---------- Material provided

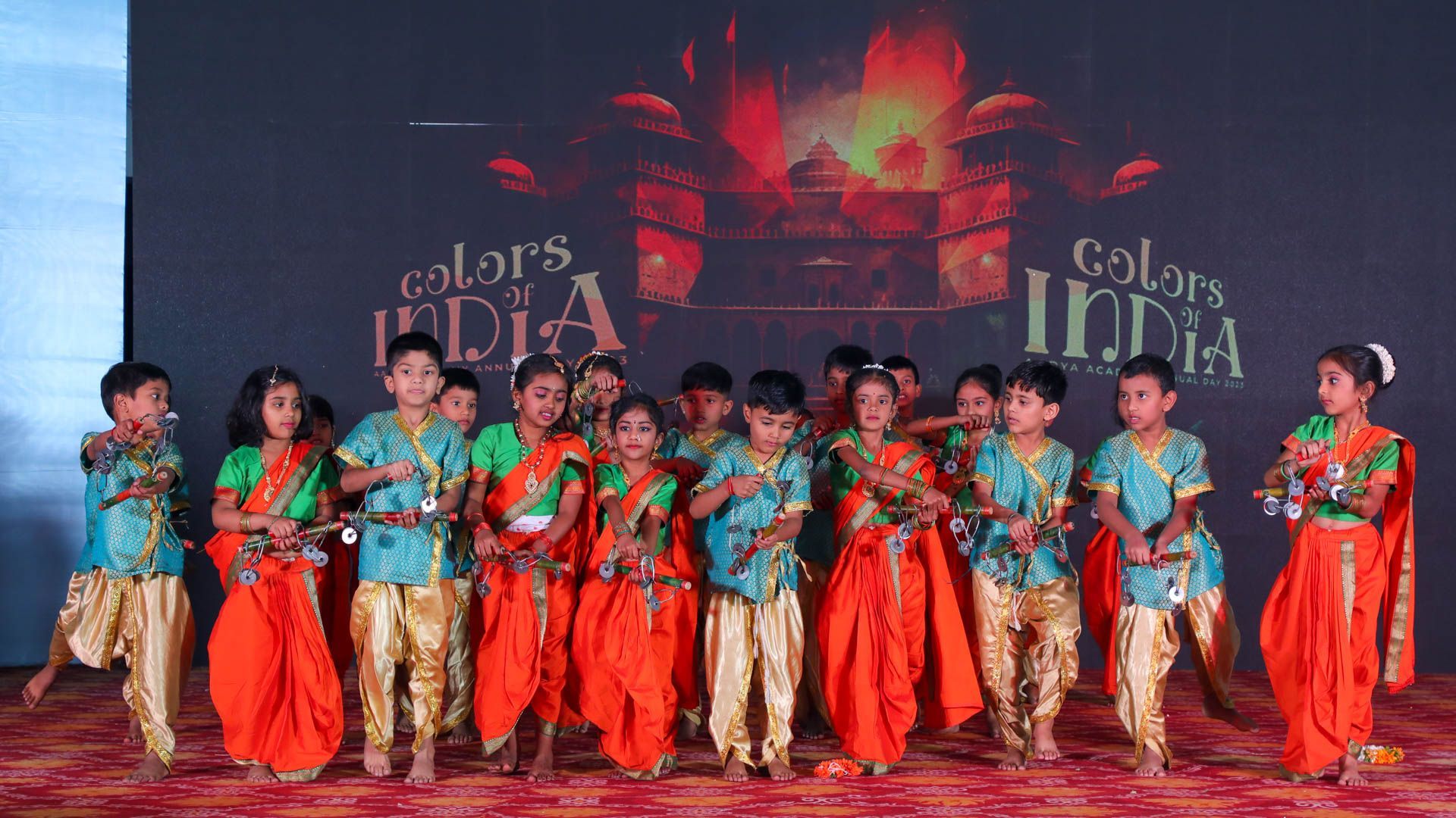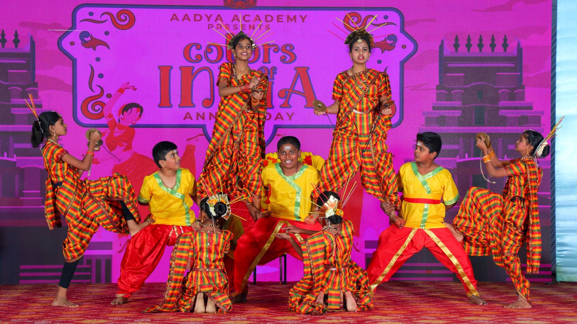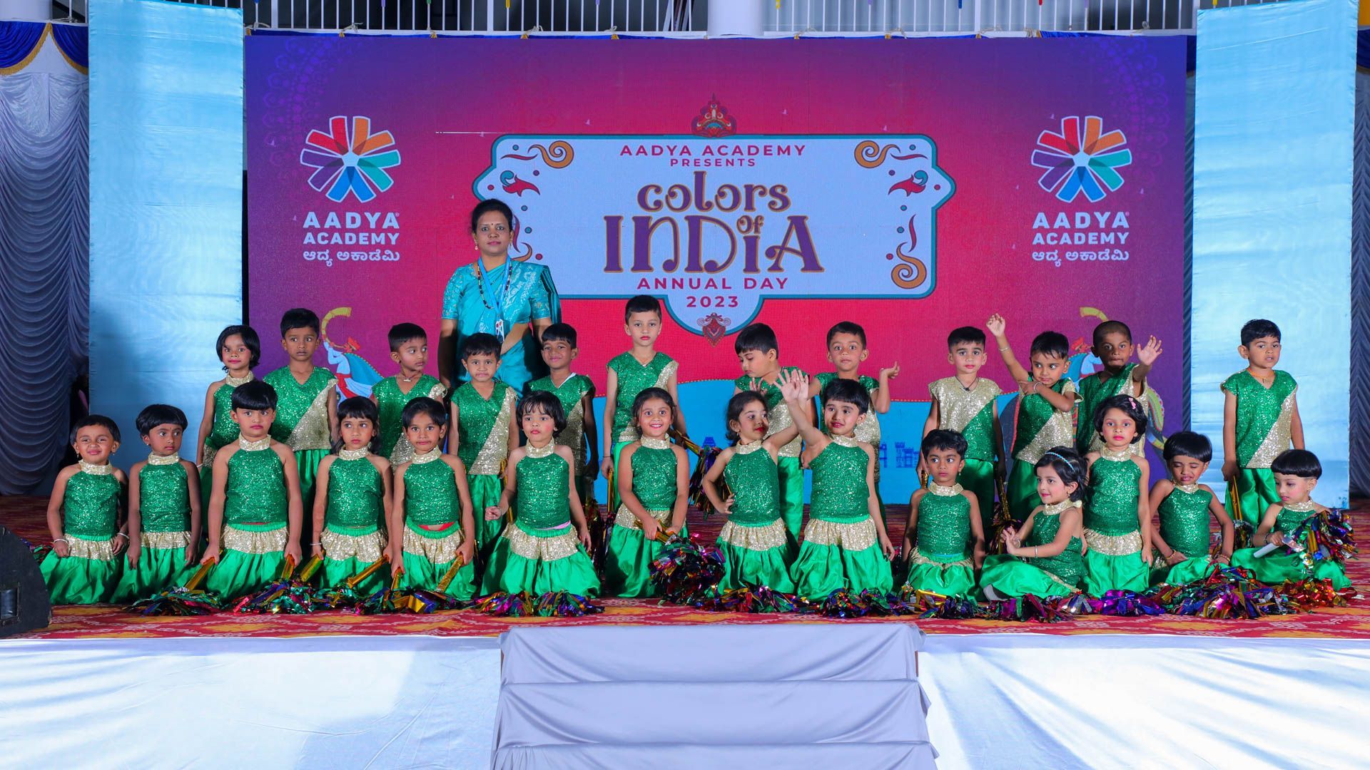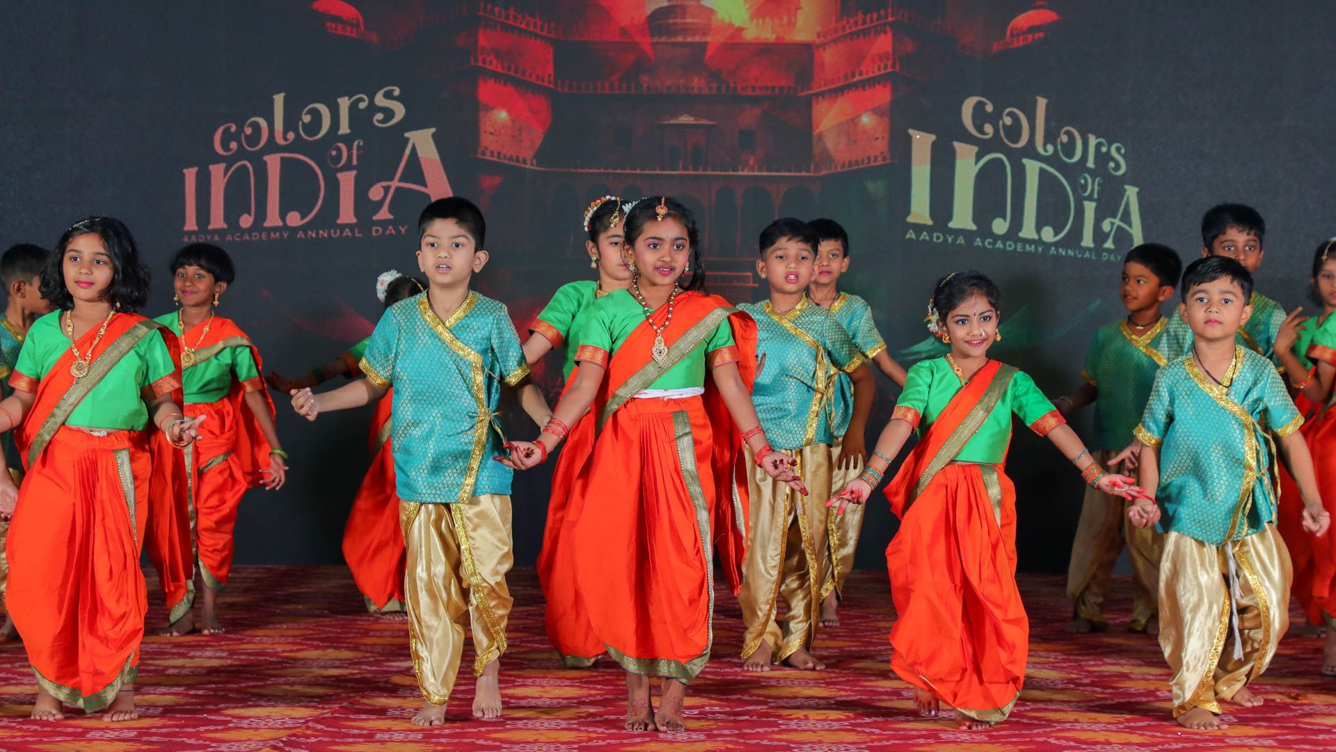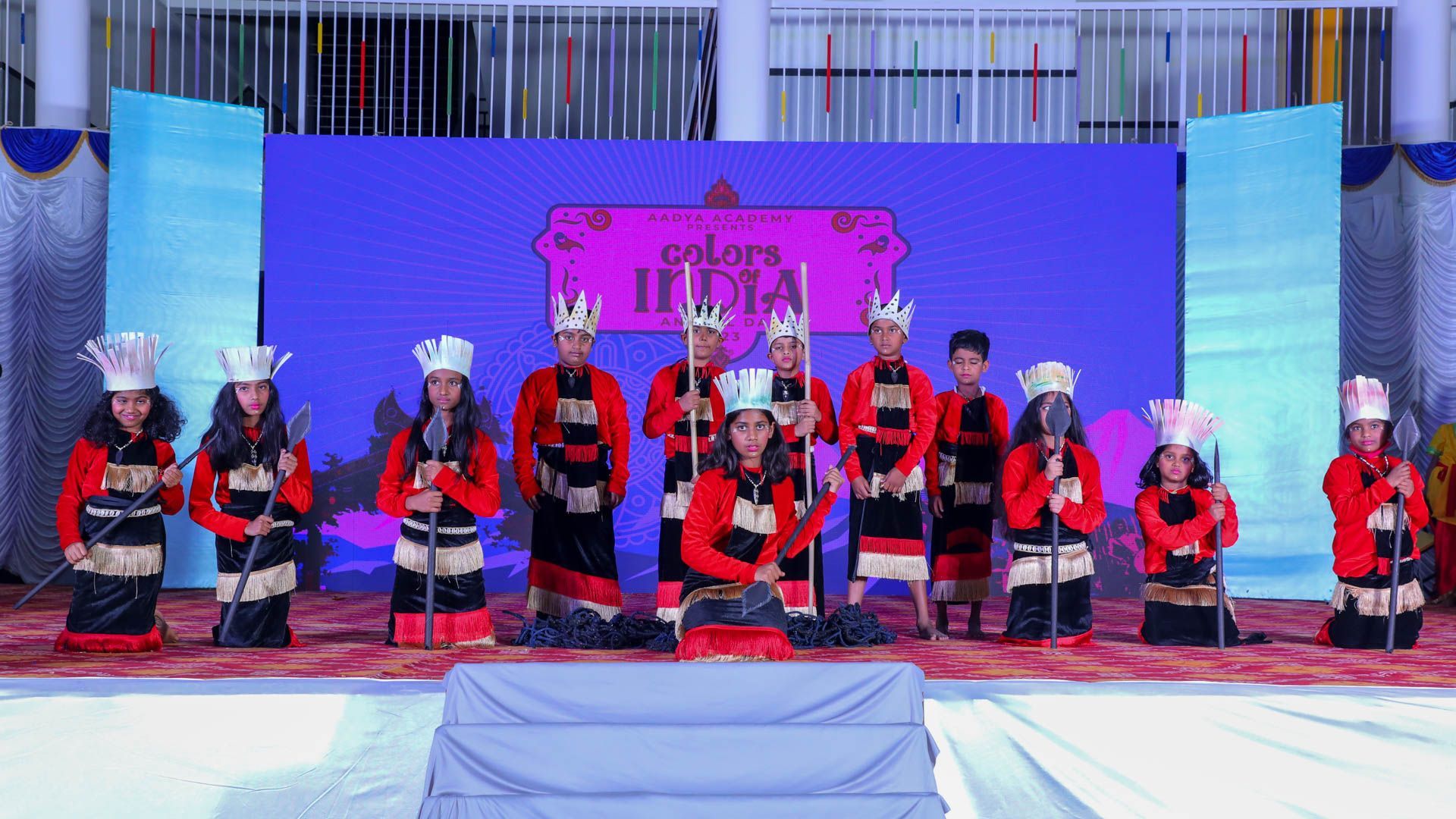 The Annual Day celebration at Aadya Academy was a vibrant showcase of the Colors of India. The school's talented students and teachers put on a spectacular performance, highlighting the rich cultural heritage of the country through music, dance, and drama. The theme of the celebration was brought to life with a spectacular display of traditional Indian costumes and intricate stage decorations. The event was a true celebration of the country's diverse and colorful history and left everyone in attendance feeling proud and inspired.
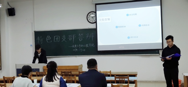 首先由车辆1703团支部代表率先答辩,他们首先讲解了本团支部创建背景、创建过程以及班旗、班训的确定,又从思想、文化、科创、学风等方面展示自己团支部的面貌。车辆1703团支部重点全面阐述了思想引领学业发展、文化主推学业发展、科创促进学业发展、学风保障学业发展四个方面,从团支部整体的进步以及个体同学的进步展示了自己团支部的成功的学业发展成果。最后也表达了本团支部以后的发展计划以及最终目标。
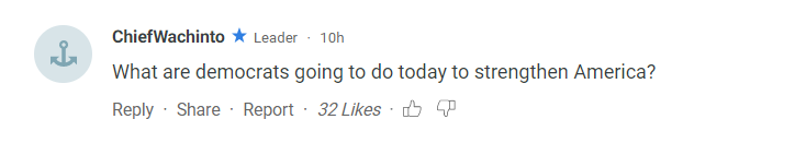 “民主黨今天又會為增強美國做什麼呢?”(筆者:我知道你們都挺川,但是你這條好像文不對題吧…)

--------------------

* [Work to be completed]: Your answer must be an exact copy of the lines from the one with "首先由车辆1703团支部代表" through the final line of the data, both included, without any pictures.

* [Exercise output]:
 首先由车辆1703团支部代表率先答辩,他们首先讲解了本团支部创建背景、创建过程以及班旗、班训的确定,又从思想、文化、科创、学风等方面展示自己团支部的面貌。车辆1703团支部重点全面阐述了思想引领学业发展、文化主推学业发展、科创促进学业发展、学风保障学业发展四个方面,从团支部整体的进步以及个体同学的进步展示了自己团支部的成功的学业发展成果。最后也表达了本团支部以后的发展计划以及最终目标。
 “民主黨今天又會為增強美國做什麼呢?”(筆者:我知道你們都挺川,但是你這條好像文不對題吧…)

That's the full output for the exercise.